Mayor of Arue
- In office 1989 – 23 May 2002
- Succeeded by: Philip Schyle

Leader of Fetia Api Party
- In office 1996 – 23 May 2002
- Preceded by: None (Party founded)
- Succeeded by: Philip Schyle

Member of the French Polynesian Assembly for Windward Isles
- In office May 1996 – 23 May 2002

Personal details
- Born: 19 September 1955 Papeete, French Polynesia
- Died: 23 May 2002 (aged 46)
- Cause of death: Plane disappearance
- Party: Fetia Api
- Relatives: Alexandre Léontieff

= Boris Léontieff =

French Polynesian politician (1955–2002)

Boris Léontieff-Teahu (19 September 1955 – 23 May 2002) was a French Polynesian politician and member of the Assembly of French Polynesia. He was the mayor of Arue, a small commune on the Windward Islands, and founder and President of the Fetia Api party until his disappearance in 2002.

He was the brother of former President of French Polynesia, Alexandre Léontieff.

The club pitch of the football team A.S. Arue in Tahiti Ligue 1, of Tahitian football, was named after him.

==Political career==
Boris Léontieff was born in Papeete, French Polynesia on 9 September 1955. He began his political career in 1989 as the Mayor of Arue, a small town on the outskirts of Papeete.

In 1996, Léontieff founded the Fetia Api party, which advocated for French Polynesian independence and opposed Gaston Flosse. Journalist Jean-Pascal Couraud, who blamed Gaston Flosse for the closure of his newspaper, also helped establish the party.

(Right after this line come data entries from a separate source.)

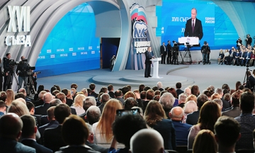 Владимир Путин заявил о том, что «Единая Россия» заслужила свое лидерство реальными делами в интересах граждан на благо наших регионов, на благо всей страны. «С очень многими в этом зале мы вместе создавали партию «Единая Россия», делали это на сложном, крайне ответственном этапе жизни нашего государства, когда стране для ее уверенного развития, укрепления государственности, решения масштабных задач нужна мощная объединяющая политическая сила. И «Единая Россия» выполнила, выполняет, продолжает выполнять эту задачу. Я хочу вас за это поблагодарить», – добавил Путин.
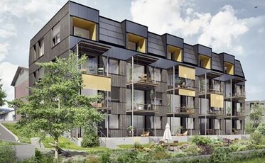 Installation der kontrollierten Wohnungslüftung in einem zertifiziertem Minergie-A-Haus aus Holz. Das Mehrfamilienhaus erlaubt umweltbewussten Mieter/Innen, von modernster Klimatechnik zu profitieren und einen Beitrag zum Klimaschutz zu leisten. Der hochwertige Bau bietet höchsten Wohnkomfort und nimmt Rücksicht auf die Bedürfnisse der verschiedenen Altersgruppen.
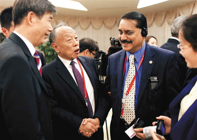 图为发布会结束后,李肇星与外籍嘉宾愉快交谈。
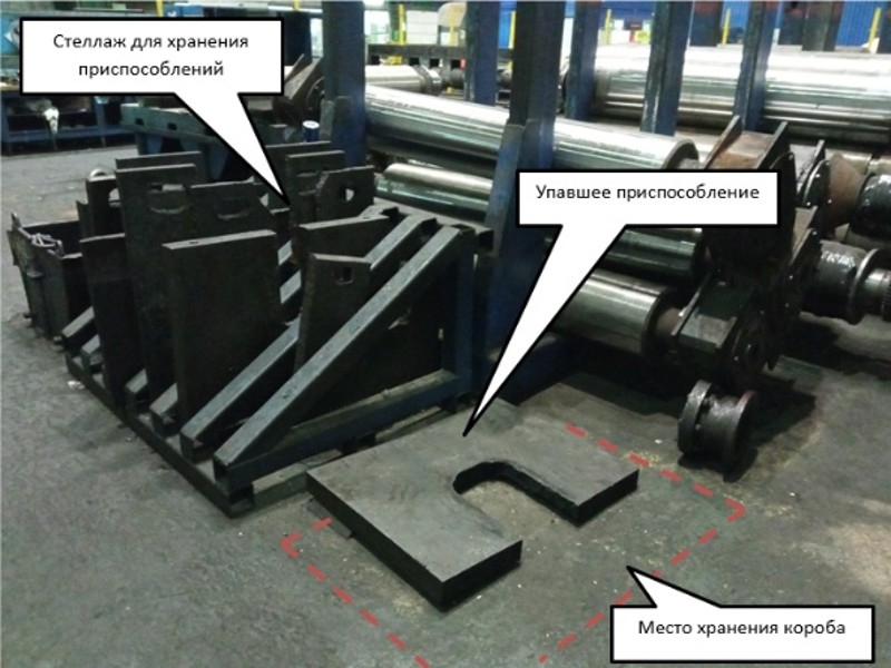 "На ногу сварщика упало приспособление для выпрессовки валков весом 420 кг. Оно не было установлено для хранения, просто стояло вертикально, хотя место тут же, в стеллаже, было. На момент происшествия еще одна подобная деталь была расположена в вертикальном положении с другой стороны от стеллажа, еще несколько - в горизонтальном. Согласитесь, очевидно, что здесь так делать привыкли. Печальный случай".
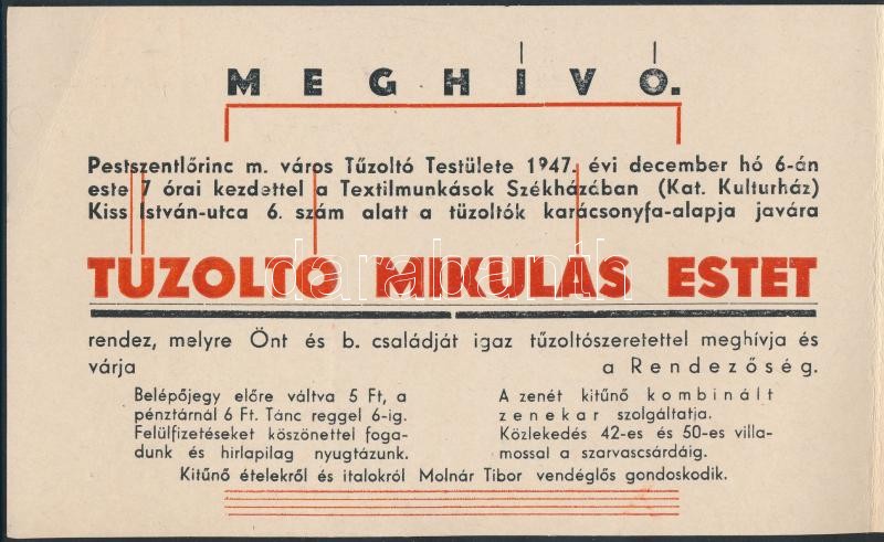 1947 Meghívó a pestszentlőrinci tűzoltó testület Mikulás-estjére, prog... https://www.darabanth.com/hu/255-Gyorsarveres/255.0/Festmeny-mutargy-papirregiseg-egyeb/Nyomtatvanyok~600029/1947-Meghivo-a-pestszentlorinci-tuzolto-testulet-Mikulas-estjere-programmal~II1248400
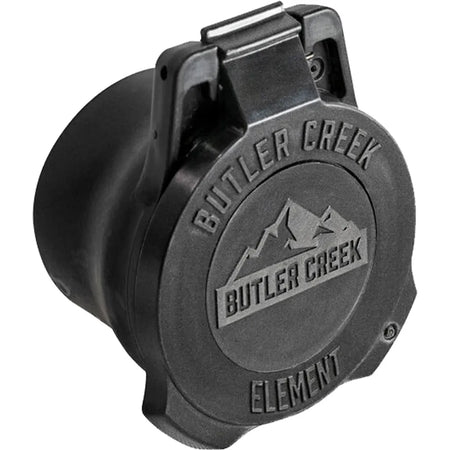 Butler Creek Element Scope Caps are made off rugged, durable materials with a multi-flex sleeve. An objective, printable dope disk provides wind and elevation information.
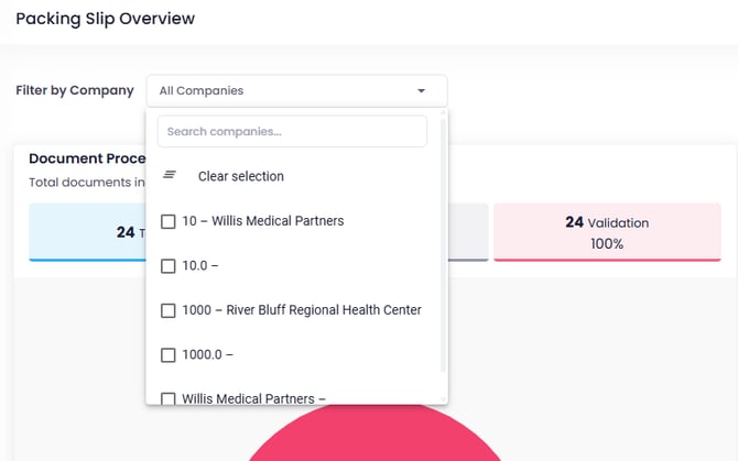 You can now filter the Packing Slip Overview by Location and Company to better understand processing volume and performance for specific operational areas.
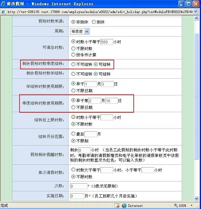 OA办公系统考勤管理模组基本规则定义,定义假别,当“剩余假别时数季度结转”为“可结转”时:
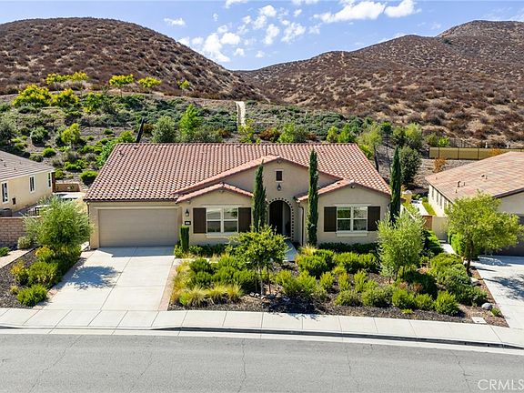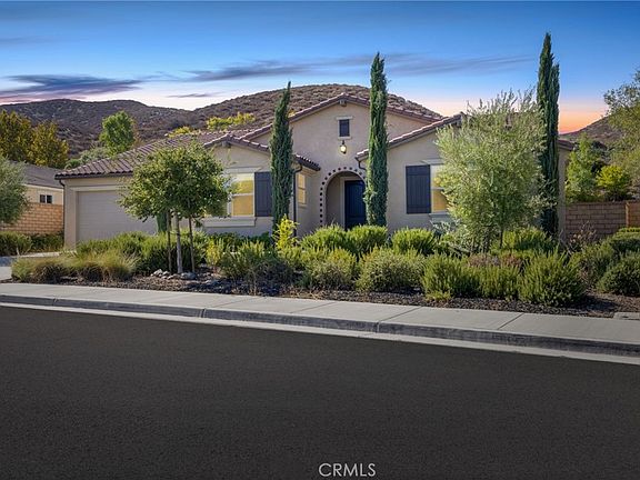 Welcome to Ponderosa Lane where dreams come true in this stunning 3100 sqft property sitting on almost a 14,000 sqft lot of land. The ranch style property features 4 bedrooms, 4 baths and a next-gen suite perfect for guests or income purposes. Located in the highly desirable gated community of Province in Audie Murphy Ranch, in Menifee, with mountain views, drought tolerant landscaping and nestled on the hillside with no rear neighbors. As you enter the home you are greeted by tall ceilings, recessed lighting, LVP floors, and a highly desirable floor plan. On the West wing of the ranch style property are two large secondary bedrooms both with walk-in closets, plush carpet, ceiling fans and tons of natural light flooding the space. The rooms share a secondary bath appointed with a dual vanity, quartz counters, and tub shower combo. Across the hall is a powder bath perfect for guests. Off the East wing of the home is the next-gen suite or Junior suite boasting a large room that can be split into a bedroom and living area or can be used as a large office or gym and offers a nook perfect for an exterior door to be built for private access. The bedroom has its own walk-in closet and attached bath featuring a single vanity and real tile walk-in shower. The amazing Great Room is appointed with large windows allowing tons of natural light to fill the entirety of the home, two ceiling fans and a massive space to decorate your dream living area. Off the Great Room is a large dining area that peers into the gourmet kitchen. The kitchen is appointed with granite counters, subway tile backsplash, stainless steel appliances, tons of storage with pull out drawers in the cabinets, and an eat up island. A flex space is the perfect office directly behind the kitchen and flows into a custom-built butler’s pantry and walk-in pantry. The large laundry room features a wash sink, the RO water filtration system and access to the 3-car tandem garage. The custom backyard boasts a $75,000 landscape design featuring an enclosed sun run patio cover with screens to allow airflow and doors to the rest of the yard which is appointed with pavers, and tons of fruit trees including Pomegranate, lemon, lime, grapefruit, avocado, and fig. The side yard is the perfect size for a pool! The community includes pools, spa, sports courts, club house, skate park, hiking and biking trails, and the award winning Taawila ES and new Kathryn Newport MS. Located between the 15 and 215 freeways!

Léontieff ran for the Windward Islands seats at the 1996 French Polynesian legislative election. His party successfully won one seat, and he was elected to the Assembly. At the same election, his brother returned to politics and successfully represented a pro-independence party, sharing the beliefs of his brother Boris. Shortly after this, Couraud went missing on December 15, 1997, and Boris Léontieff temporarily left his position.

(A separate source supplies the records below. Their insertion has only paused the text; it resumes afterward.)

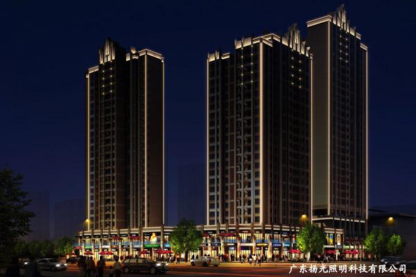 華生中心建筑主要是由西北側(cè)信安大道商務(wù)綜合樓,東南側(cè)住宅樓組成的樓宇,其照明特點(diǎn)也注重建筑的功能關(guān)系,層次關(guān)第,把握好照明亮度級(jí)別及控制。根據(jù)建筑功能與結(jié)構(gòu)的不同,主要分為四個(gè)亮度級(jí)別。
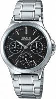Женские наручные часы в стальном круглом корпусе, секундная стрелка центральная на черном циферблате, окошко даты в положении 3 часа. На стальном браслете.
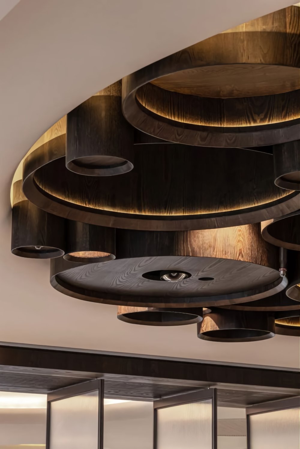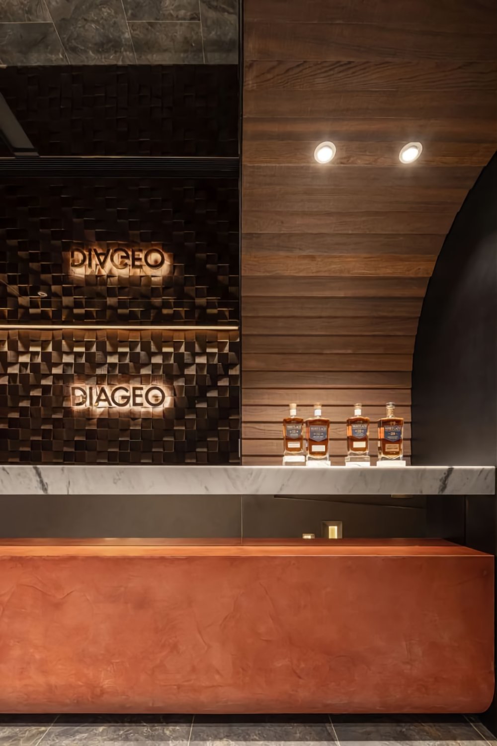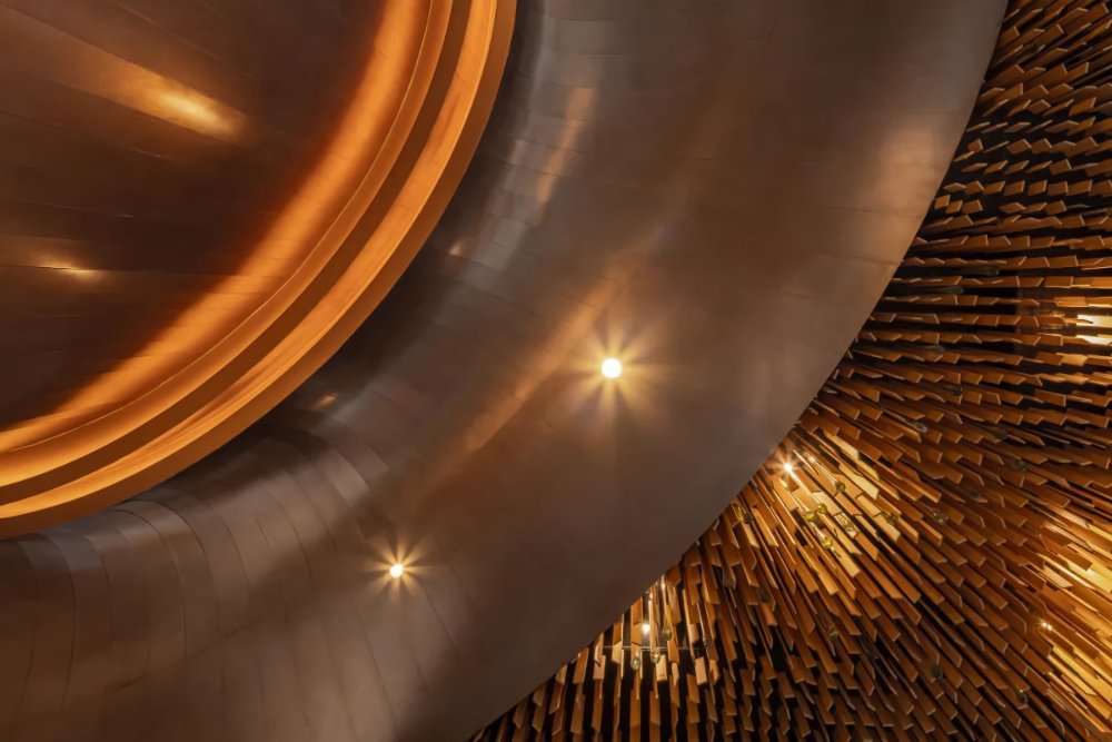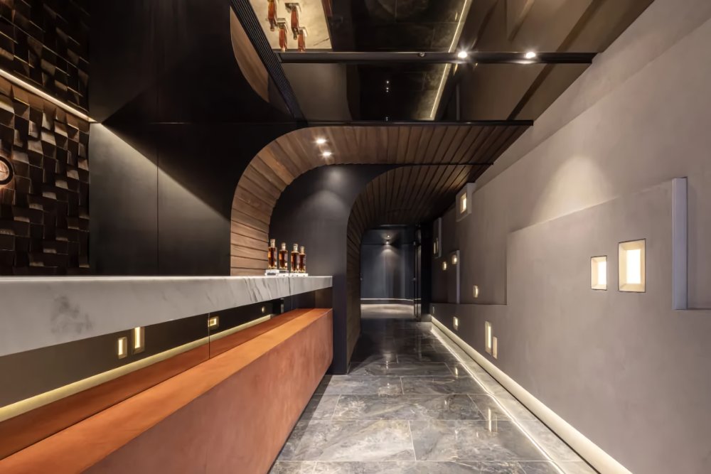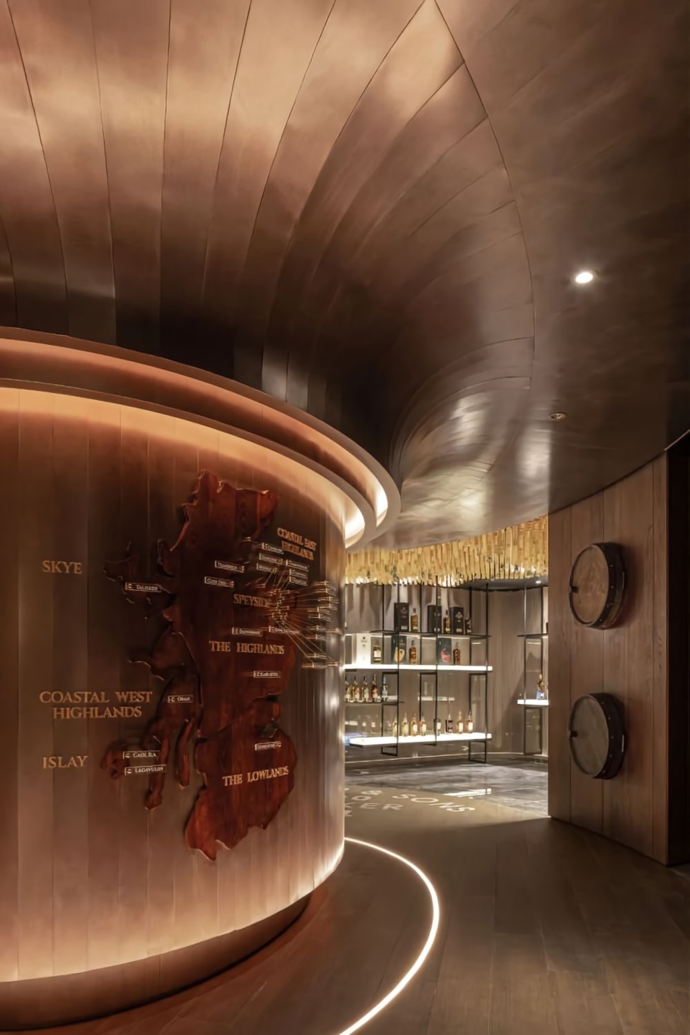 弧形雨淋板的層層堆疊,鏡面玻璃的點綴,簡馭繁的特殊涂料,空間以酒窖洞穴般圍塑洞中幻景作為開端,將大不列顛的蒸餾技術(shù)轉(zhuǎn)化為空間意象,開啟氣味與感知的文化之旅

At the 2001 election Fetia Api won seven seats, and Léontieff was again elected to the Assembly.

==Disappearance==
On 23 May 2002, Léontieff and Fetia Api members Lucien Kimitete, Arsen Tuairau and Ferfine Besseyre set out on a flight from Kaukura to Makemo in the Tuamotus to campaign in municipal elections. The plane was diverted due to bad weather to Nuku Hiva in the Marquesas Islands, and failed to arrive in Makemo. A sea-search was unsuccessful, and was called off after a week. The French colonial government refused to delay the elections. Despite a number of private searches, the aircraft was never found, and Léontieff was declared dead in January 2003. A 2005 inquiry into the disappearance by the Fetia Api party concluded that the aircraft may have crashed due to a fuel supply problem.

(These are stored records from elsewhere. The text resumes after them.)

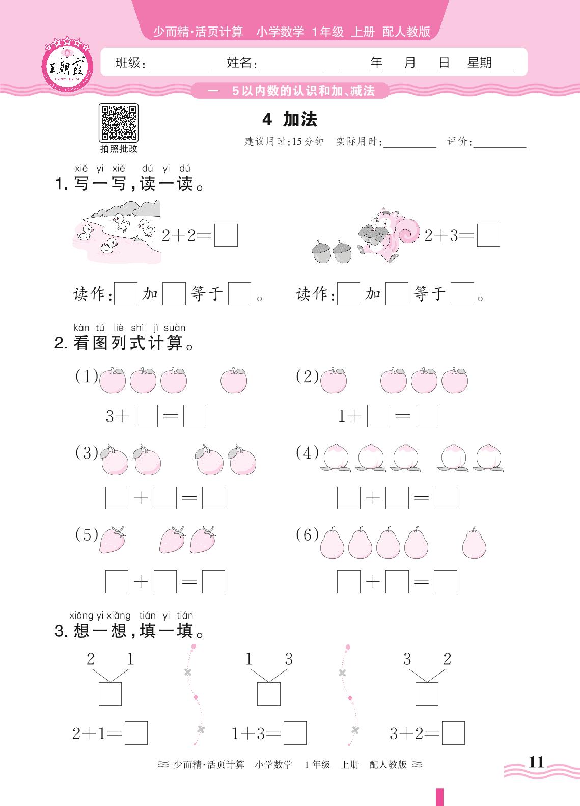 2024秋上册一年级数学人教版 第一单元 5以内数的认识和加、减法——4. 加法
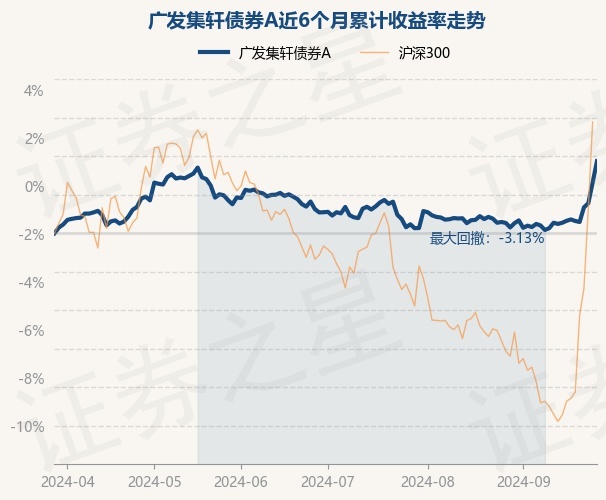 证券之星消息,9月27日,广发集轩债券A最新单位净值为1.0246元,累计净值为1.0246元,较前一交易日上涨1.09%。历史数据显示该基金近1个月上涨3.19%,近3个月上涨2.46%,近6个月上涨3.75%,近1年上涨3.13%。该基金近6个月的累计收益率走势如下图:
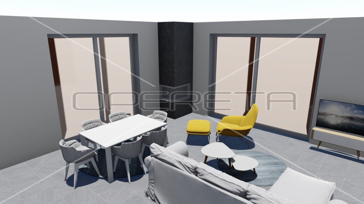 Das Projekt umfasst die Installation von 4 Klimaanlagen, einem Kamin und einem Parkplatz für 2 Fahrzeuge.

In 2004, allegations that Jean-Pascal Couraud had been murdered by members of the Gaston Flosse's private police force, the Presidential Intervention Group (GIP), led to speculation that Léontieff's disappearance had been the result of foul play. Allegations were also made that both Léontieff and Courard had been under surveillance by the Flosse regime. The Assembly of French Polynesia began an inquiry in June 2005. In 2009 a letter was found admitting guilt to Couraud's kidnapping, and a French judge investigating the case expanded their investigation to include Léontieff's disappearance. The investigation found no explanation for the plane's disappearance, and the case was closed in May 2011. A claim for compensation by Léontieff's widow was rejected in March 2013.